::: Material provided :::

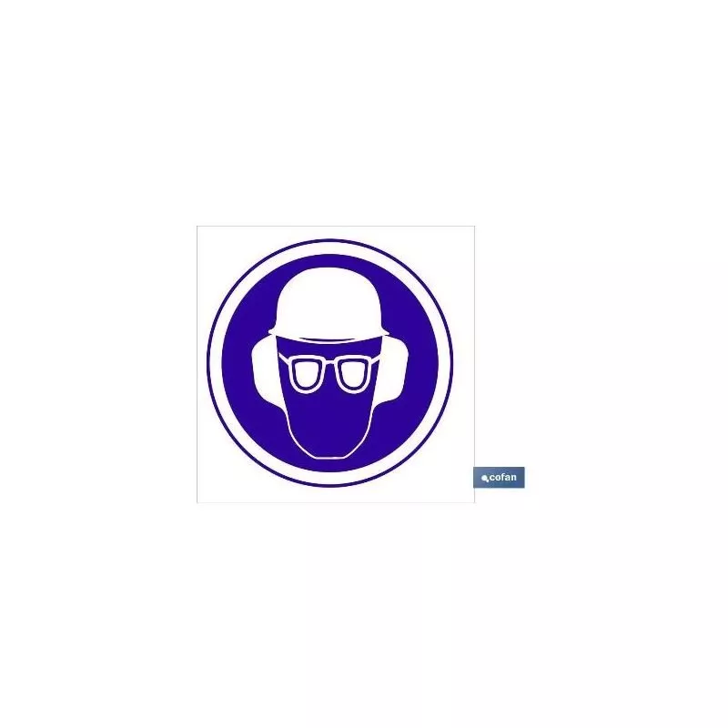 Cofan - PLIMPO señal poliestireno 105x105mm obligatorio casco, gafas y orejeras
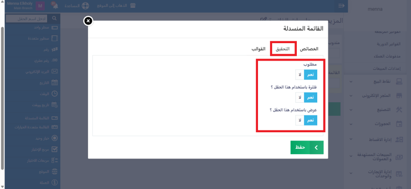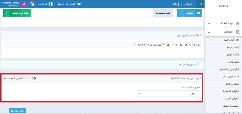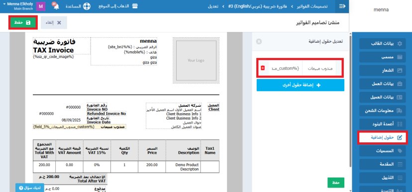 من إعدادات القالب أضف حقول إضافية، وأدخل اسم الحقل: مندوب مبيعات، ثم أضف المتغير الخاص بمندوب المبيعات داخل القالب. اضغط على زر حفظ.
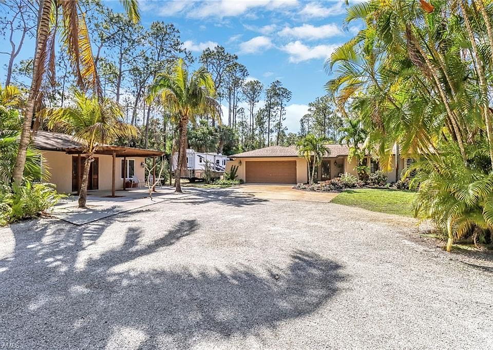 This tropical paradise will leave you speechless... you truly have to see it to believe it! The showstopper is a 12,000 gallon Koi Pond featuring 3 waterfalls and over $10,000 of exotic koi waiting for you to hand feed them. If that isn't enough, there are producing fruit trees and a few stunning rainbow eucalyptus to welcome you along the driveway. You may feel like you're in your own secluded world, but you're only 6 miles to Naples' best white sand beaches! The 2,046sf primary residence showcases the property's true beauty with four sets of sliders facing the oversized pool and Koi Pond. Of course, the offering doesn't end there as the property is capped off with an 864sf guest house ready for the in-laws or to generate additional income.
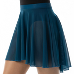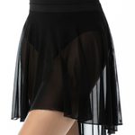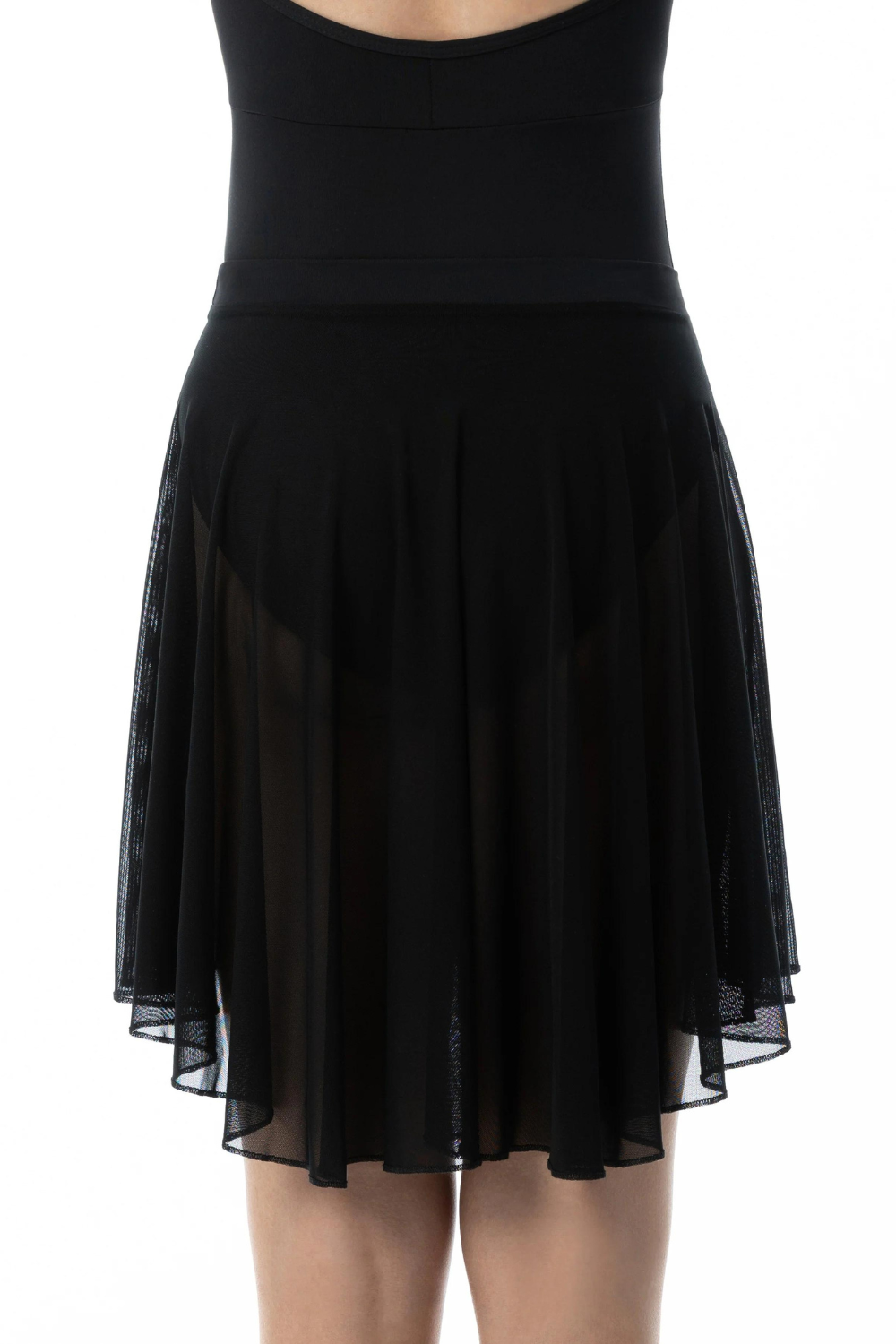 Midi length pull-on high low mesh skirt with fabric waistband.

:::

→ **What is needed**
Write out, exactly and only, the lines from the one containing "من إعدادات القالب" through the last line of the material above. Pictures do not go in the copy.

→ **Response box**
 من إعدادات القالب أضف حقول إضافية، وأدخل اسم الحقل: مندوب مبيعات، ثم أضف المتغير الخاص بمندوب المبيعات داخل القالب. اضغط على زر حفظ.
 This tropical paradise will leave you speechless... you truly have to see it to believe it! The showstopper is a 12,000 gallon Koi Pond featuring 3 waterfalls and over $10,000 of exotic koi waiting for you to hand feed them. If that isn't enough, there are producing fruit trees and a few stunning rainbow eucalyptus to welcome you along the driveway. You may feel like you're in your own secluded world, but you're only 6 miles to Naples' best white sand beaches! The 2,046sf primary residence showcases the property's true beauty with four sets of sliders facing the oversized pool and Koi Pond. Of course, the offering doesn't end there as the property is capped off with an 864sf guest house ready for the in-laws or to generate additional income.
 Midi length pull-on high low mesh skirt with fabric waistband.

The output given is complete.